Черная шаль - Иван Иванович Макаров
— Кто измажет?
— Они измажут, нянька, они. Подари, нянька, подари, скупая.
Огляделась я: вдоль всей улицы — народ. Смотрит на меня. Пристально, подозрительно. Это, думаю, что еще такое? Чего глаза так лупят на меня? Зеленая, что ли, я? Крылья, что ль, выросли у меня или чертячий хвост болтается?
Не соображу того, что уж всем решительно, даже юродивой Шиме, стало известно, что завтра на сходке меня будут убивать самосудом.
Оттолкнула я дурочку, стегнула рысака, да и была такова. Только пыль закудрявилась.
Лупите бельмы на пустую дорогу, кому не лень. А я вам не вывеска.
В городе меня относительно самосуда успокоил Николай, который был в нашем уезде за председателя Совета Советов. Он же меня и наставил, как поступить, указал, что нам вовсе незачем собирать кулаков на сходку, чтоб уламывать, умасливать их, а просто-напросто пойти комбедом и выколотить у них овес на семена. (Мы в тот год решили всю княжескую землю, тысячу семьсот десятин, засеять сообща, а по урожаю распределить на корню по едокам. Семена нам позарез нужны были.)

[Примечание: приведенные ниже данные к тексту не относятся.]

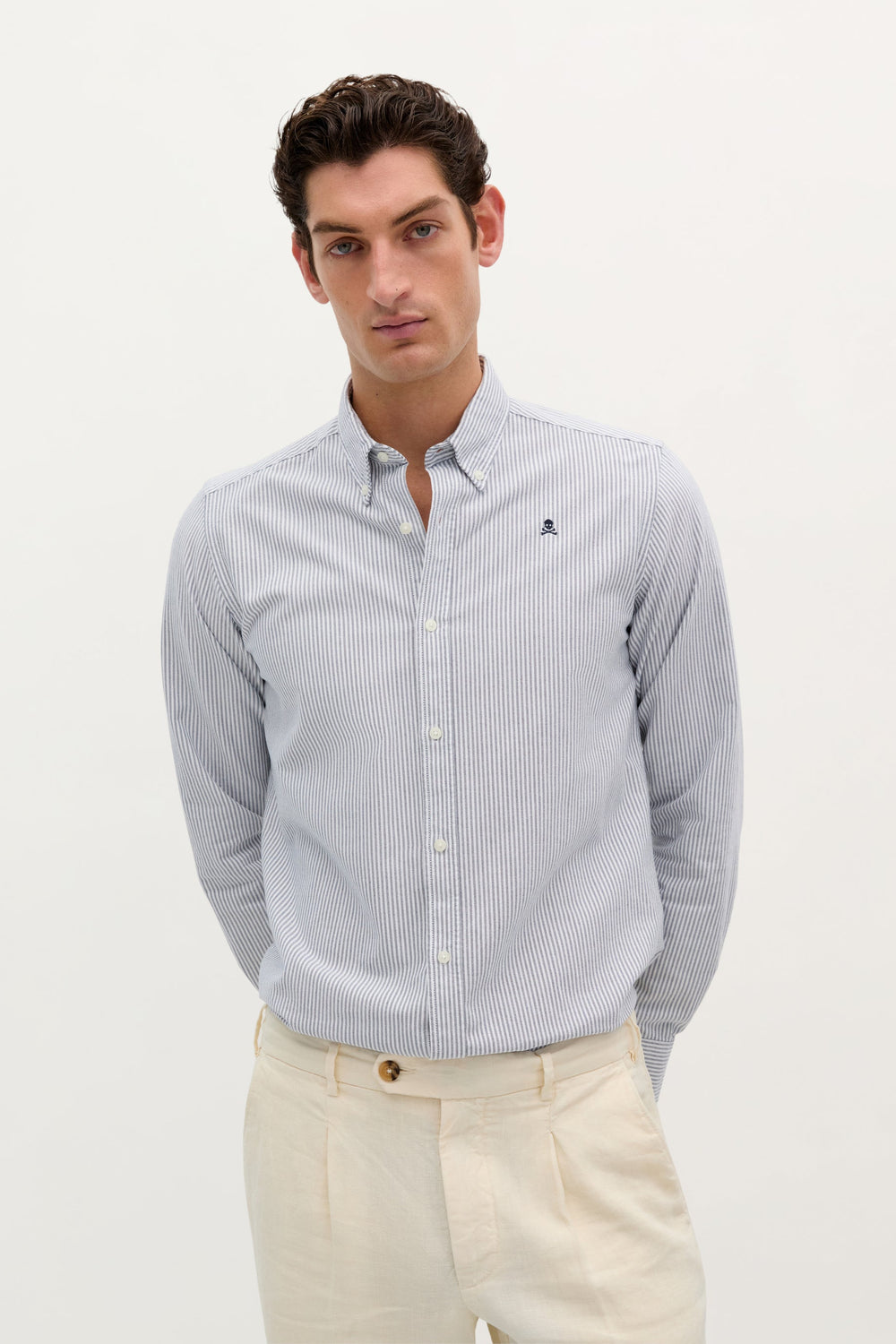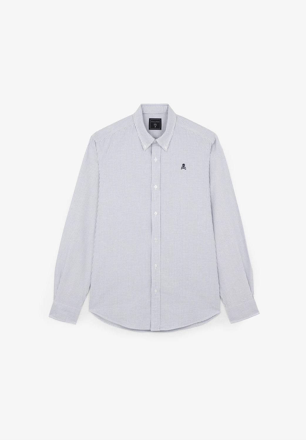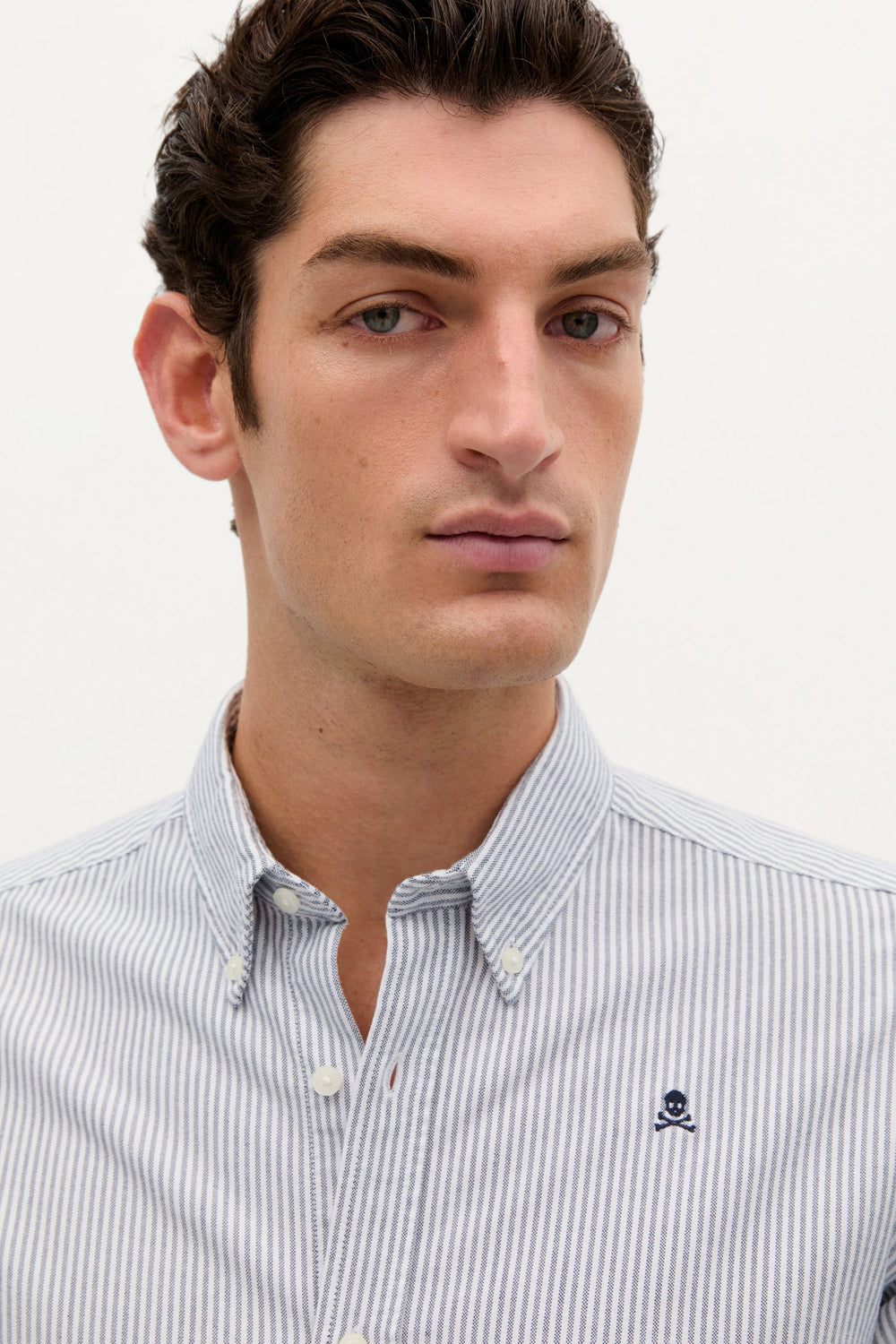 Camisa oxford de rayas con calavera a contraste. Confeccionada en 100% algodón. Corte Regular Fit. Cuello con botones. Cierre con botones. Manga larga terminada en puño simple

Велел он мне взять еще пяток-другой кулаков и посадить их как заложников, на Михайлу Кренева напирал, да я заступилась: мол, он им — не друг. Тут же с приезду я послала нарядить собрание бедноты, чтоб все рассказать, обо всем условиться.
Нарядила. Час жду, другой жду — ни души. А бывало, и без наряда толпами снует беднота то к управе, то из управы. Опять послала наряжать на собрание, и опять никто не пришел.
Вот тебе раз! Беднота-дружнота. В сумерках домой ушла одна-одинешенька. Тут уж я окончательно сообразила, что и мне, и всей моей затее уж могилу вырыли хохловские.
Когда стемнело совсем, пришел ко мне Вася Резцов, мой привороженный. Вижу, растерян, вижу, напуган мой сокол удалый.
— Ты что, — спрашиваю, — Васенька? Кралечку свою старенькую пожалеть пришел?
Вспыхнул мой парень, ободрился, повеселел.
— Ты уж знаешь?!
— Раньше тебя…
— Вот как?.. А я… я думаю, ты не знаешь. А коли так, коли все известно, так мы их… Так чего же наши смотрят?
— Смотрят, как с неба манная упадет, вот какие ваши-то.
— Знаешь, Прасковья, что они без тебя сегодня утром, хохловские, выкинули? Я еще спал, слышу — грох!.. грох!.. Тут прибегает ко мне Володя Сергейчев: «Васька, — говорит, — хохловские «галку играют». С винтовками (винтовок тогда с войны навезли — страсть), с песняками по огородам маршируют. Бородачи сами — смехота. Степка Попойников за ротного у них. Так и отжаривает с песней: ать-два, ать-два.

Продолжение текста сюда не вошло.